Minnesota Department of Employment and Economic Development (DEED)

Agency overview
- Jurisdiction: Minnesota
- Headquarters: 332 Minnesota St. Saint Paul, Minnesota
- Agency executives: Steve Grove, Commissioner; Hamse Warfa, Deputy Commissioner; Kevin McKinnon, Deputy Commissioner; Evan Rowe, Assistant Commissioner;
- Parent agency: State of Minnesota
- Website: Official website

= Minnesota Department of Employment and Economic Development =

The Minnesota Department of Employment and Economic Development (DEED) is the State of Minnesota’s principal economic development agency. Its mission includes supporting the economic success of individuals, businesses, and communities by improving opportunities for growth.

==History==
The Minnesota DEED was created in July 2003 by the merger of the Minnesota Department of Trade and Economic Development (DTED) and the Minnesota Department of Economic Security (MDES).

==Divisions==

===Business and Community Development===
The Business and Community Development (BCD) division provides financial and technical services to businesses, communities, and economic development professionals. The division promotes and assists in the expansion of exports and works with Minnesota-based companies that are interested in expansion. BCD also works with companies interested in relocating to Minnesota. Additionally, BCD helps Minnesota communities with financing infrastructure projects. Additionally, BCD helps Minnesota communities with financing infrastructure projects. DEED’s Small Business Innovation Research (SBIR) and Small Business Technology Transfer (STTR) support program provides guidance and proposal assistance to Minnesota startups.

===Workforce Development===
The Workforce Development Division works with local and statewide partners to provide training and support to unemployed and dislocated workers, and financial assistance for businesses seeking to upgrade the skills of their workforce. Additional services include state services for the blind, rehabilitation services, local labor exchange, and disability determination. Many of these services are provided at CareerForce locations throughout the state.
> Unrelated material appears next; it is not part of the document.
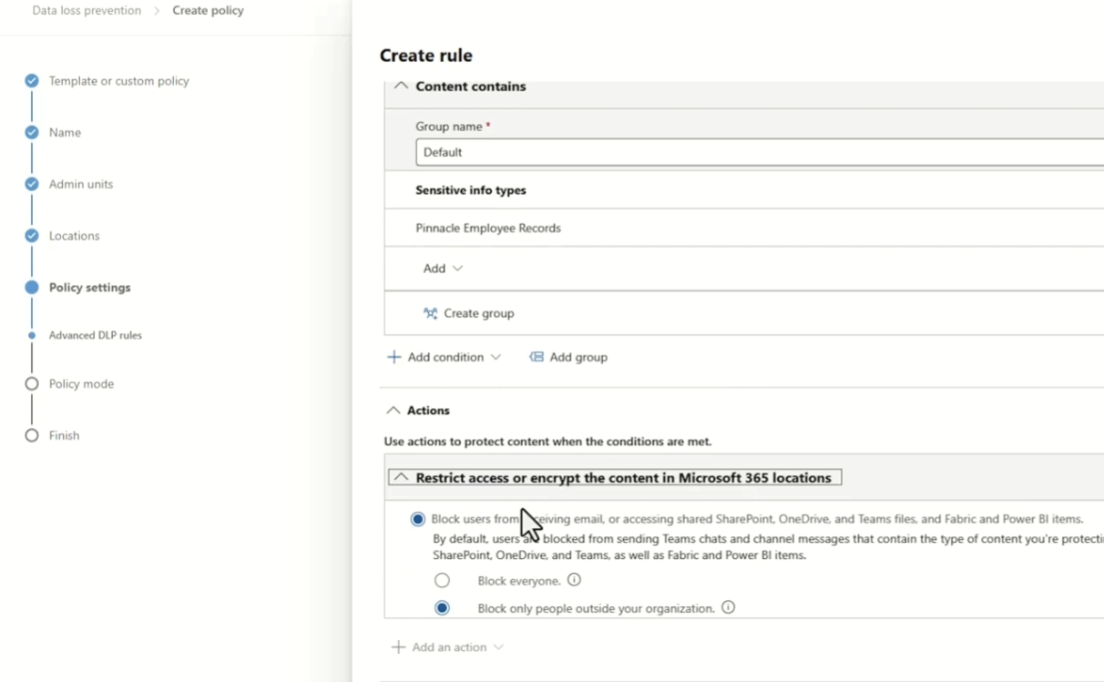 For actions, block external sharing, show a policy tip explaining why the content was blocked, and send incident alerts to your compliance team.

===Unemployment Insurance===
The unemployment insurance division provides a temporary partial wage replacement to Minnesota workers who become unemployed through no fault of their own. It is an economic stabilizer and stimulator during economic downturns and helps maintain an available skilled workforce.
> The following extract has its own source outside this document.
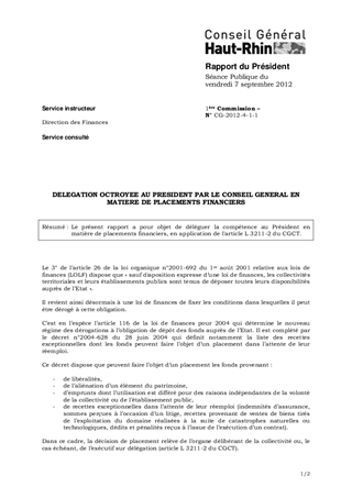 Le présent rapport a pour objet de déléguer la compétence au Président en matière de placements financiers, en application de l'article L 3211-2 du CGCT.

===Communications, Analysis, and Research===
The Communications, Analysis and Research Division coordinates DEED’s information resources and provides centralized services in the areas of communications, marketing, publications, economic analysis, and labor market and other research. The division also implements the state branding program—Positively Minnesota—in partnership with business, industry, education, and governmental organizations.